Richer C, Doussau M P, Giudicelli J F
Arch Mal Coeur Vaiss. 1982 Jun;75 Spec No:55-8.
MK 421, 25 mg/kg, administered daily by gavage to young spontaneously hypertensive rats (SHRs) from their 4th to 15th weeks of age almost completely inhibited genetic hypertension development. Since heart rate and cardiac index were not drug affected, prevention of genetic hypertension development was solely related to an early, potent and long-lasting limitation of the progressive increase in peripheral resistance which normally develops in SHRs during ageing. MK 421 slightly enhanced vascular responsiveness to exogenous norepinephrine and angiotensin II and reduced myocardial hypertrophy. Plasma renin concentration was increased. MK 421 slightly reduced body growth but did not affect fluid intake, urinary volume and urinary ADH, demonstrating that no water or salt retention developed. Finally, MK 421's preventive effects against genetic hypertension development persisted up to 10 weeks after treatment discontinuation.
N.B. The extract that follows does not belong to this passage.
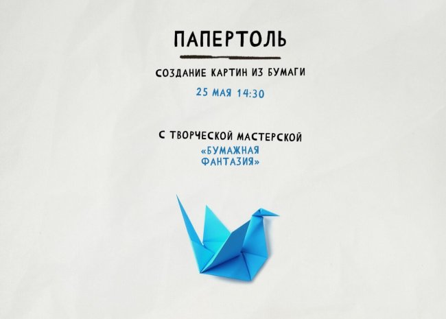 25 мая (воскресенье), 14:30 ВДНХ, павильон № 61 (г. Москва, пр-кт Мира, д 119) Вход по бесплатным билетам с возможностью предварительной регистрации (количество ограничено — 20 билетов):Зарегистрироваться Праздник птиц — в творческой мастерской «Бумажная фантазия»! В стиле папертоль — искусство создания объемных картин из бумаги — сотворим свои «пернатые» поделки.

MK 421,25毫克/千克,从第4周龄至15周龄每天经口灌胃给予幼年自发性高血压大鼠(SHR),几乎完全抑制遗传性高血压的发展。由于心率和心脏指数不受药物影响,遗传性高血压发展的预防仅与外周阻力的渐进性增加的早期、强效和持久限制有关,外周阻力的渐进性增加通常在SHR衰老过程中出现。MK 421略微增强了血管对外源性去甲肾上腺素和血管紧张素II的反应性,并减轻了心肌肥大。血浆肾素浓度升高。MK 421略微降低了身体生长,但不影响液体摄入量、尿量和尿抗利尿激素,表明没有发生水或盐潴留。最后,MK 421对遗传性高血压发展的预防作用在停药后持续长达10周。